3rd Chief Minister of Nagaland
- In office 29 October 1986 – 7 August 1988
- Preceded by: S. C. Jamir
- Succeeded by: President's Rule
- In office 22 February 1969 – 26 February 1974
- Preceded by: T. N. Angami
- Succeeded by: Vizol Koso

4th Governor of Himachal Pradesh
- In office 13 April 1983 – 7 March 1986
- Chief Minister: Virbhadra Singh
- Preceded by: A. K. Banerjee
- Succeeded by: Prabodh Dinkarrao Desai (additional charge)

Personal details
- Born: 6 March 1921 Sütemi, Naga Hills District, Assam Province, British India (Now in Zünheboto District, Nagaland, India)
- Died: 31 January 2007 (aged 85) Dimapur, Nagaland, India
- Party: Naga Nationalist Organization Indian National Congress (until 1994) Bharatiya Janata Party (from 1999)

= Hokishe Sema =

Indian politician

Hokishe Sema (6 March 1921 – 31 January 2007) was an Indian politician who served as the third Chief Minister of Nagaland and the fourth Governor of Himachal Pradesh. He was also a member of the drafting committee of the Naga People's Convention.

== Early life ==

Sema was born on 6 March 1921 in the Sütemi village in the erstwhile Naga Hills District (present-day Zünheboto District of Nagaland). He studied in Mokokchung Government School before proceeding to Serampore College and St Anthony's College in Shillong. He joined government service in the 1950s as a school inspector, later serving as an assistant commissioner of the then Naga Hills district of undivided Assam.

== Political career ==
In the late 1950s, he became a member of the drafting committee of the Naga People's Convention. A sixteen-point agreement signed with the Government of India on the basis of this Convention led to the formation of the separate state of Nagaland in 1960. Sema became a member of the interim body of the new state government in 1961.

In 1964, Sema was elected unopposed to the first legislative assembly of the newly-formed Nagaland state from the Akuluto constituency. He served as the cabinet minister in the state governments headed by P. Shilu Ao and T. N. Angami.

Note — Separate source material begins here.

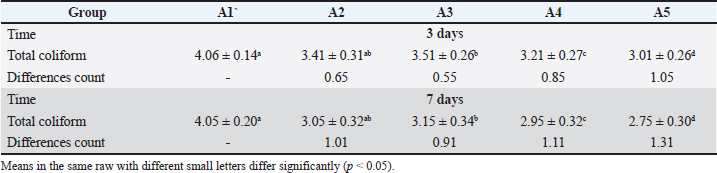 Escherichia coli counts with a mean value in the minced meat were 3.07 and 3.35 CFU log10/g in December and January, respectively, which were less than in March, which was higher significantly (p < 0.05) at 4.97 CFU log10/g (Table 3). The minced meat was significantly more contaminated during March than other months (p < 0.05). There were significant differences between the values of staphylococcus counts according to month (Table 3). The minced meat was significantly (p < 0.05) more contaminated in March (4.08 CFU log10/g) than in other months, while the lowest value was in December (2.32 CFU log10/g). The average value was 3.43 CFU log10/g. Table 4 shows the decontamination effect of EOs (rosemary and thyme) and lactic acid on the inhibition of coliform. The current study found that lactic acid and the EO of rosemary and thyme affected coliform levels, but the combination of EO (A5) showed a static effect (p < 0.05) after 3 and 7 days. Table 4. Total coliform (Log10 CFU/g) decontamination results.

In 1967, Sema was one of the two politicians inducted to the Home Mission Board of the Nagaland Baptist Church Church Council when it was reconstituted.

== Chief Minister of Nagaland ==

After the elections to the Second Legislative Assembly (1969-1974), the Naga Nationalist Organisation won 22 of the total 40 seats for which elections were conducted, 12 seats from Tuensang Area were nominated from the region. Eventually, the 12 nominated members as well as eight Independent members lent support to the NNO on 12 February raising the strength of the NNO to 41. Thereby, Sema who was elected the legislative leader of the NNO was sworn in as the third Chief Minister of Nagaland by governor Braj Kumar Nehru. During his term, two no-confidence motions were moved against him. Both, however, were defeated.

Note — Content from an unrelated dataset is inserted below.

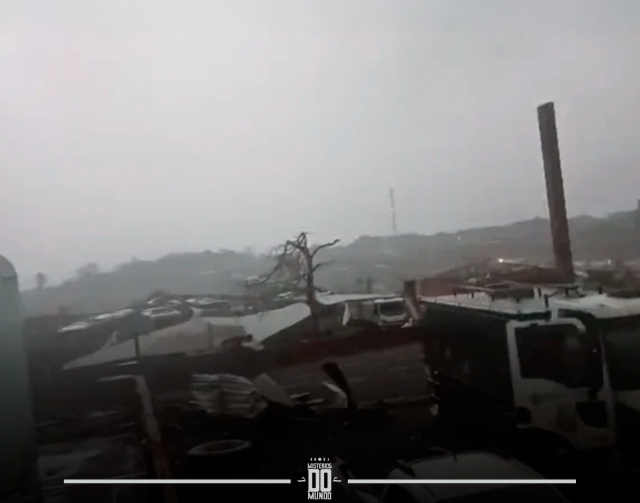 Um tornado de grande intensidade atingiu o município de Rio Bonito do Iguaçu, no Centro-Sul do Paraná, no fim da tarde desta sexta-feira, transformando a paisagem urbana em um cenário de destruição. Casas, comércios e prédios públicos foram atingidos por ventos tão fortes que arrancaram telhados inteiros, derrubaram árvores e viraram veículos nas ruas.

He lost his seat to Rano M. Shaiza in 1977. In the 1980s he was the leader of the Congress (I). In 1986 he became Chief Minister for brief period.

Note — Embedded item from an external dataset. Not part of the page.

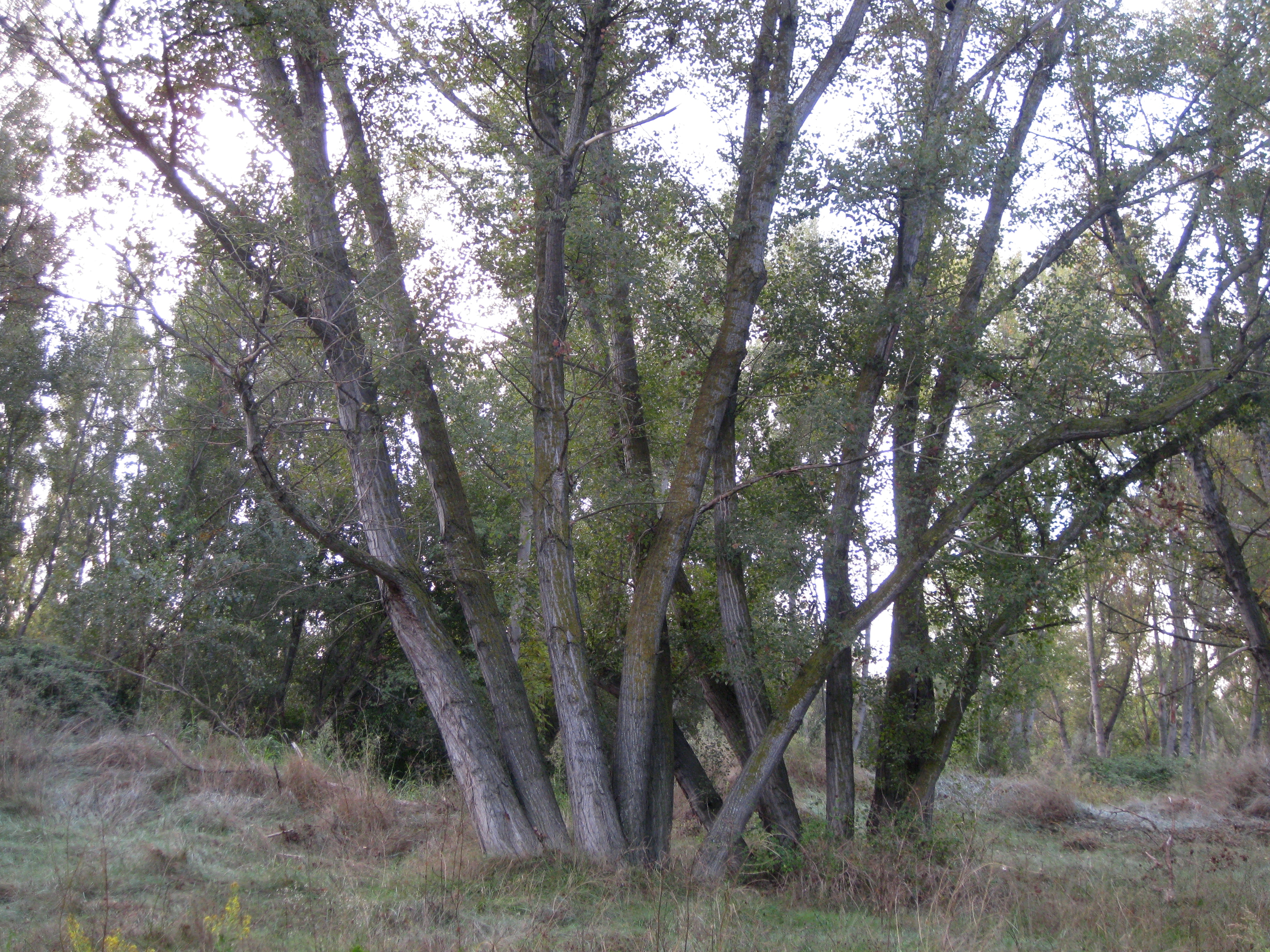 Peculiar es el caso de los chopos de la imagen. Siempre que paso ante ellos, me asalta la duda de si están unidos por algún vínculo genético que les impulsó a crecer juntos y entrecruzarse ociosa y cordialmente o si, por el contrario, lo que hacen en realidad es empujarse y competir obstinadamente por el mismo espacio. De cualquier manera, siempre que los miro, sea cual sea la estación del año, siento el impulso irresistible de detenerme y dirigirme a ellos con tono confiado y amistoso. No en vano, hace tiempo que vienen siendo testigos fieles de mis permanentes cavilaciones.

Sema's tenure as chief minister is remembered for the role he played in getting Naga underground members to surrender and their subsequent integration and redeployment as a full battalion of the Border Security Force. From 1969 to 1974 and 1982–1987, his government provided Nagaland with a measure of political stability.

== Later political career ==

He joined the Indian National Congress in late 70's, the first national party to set up a unit in Nagaland. He was elected to the Nagaland Legislative Assembly six times during which time he also served as the Finance Minister of the state and as the president of the Nagaland Pradesh Congress Committee from 2004 to 2008.

From April 1983 to March 1986 he served as Governor of Himachal Pradesh and was later a member of the Rajya Sabha.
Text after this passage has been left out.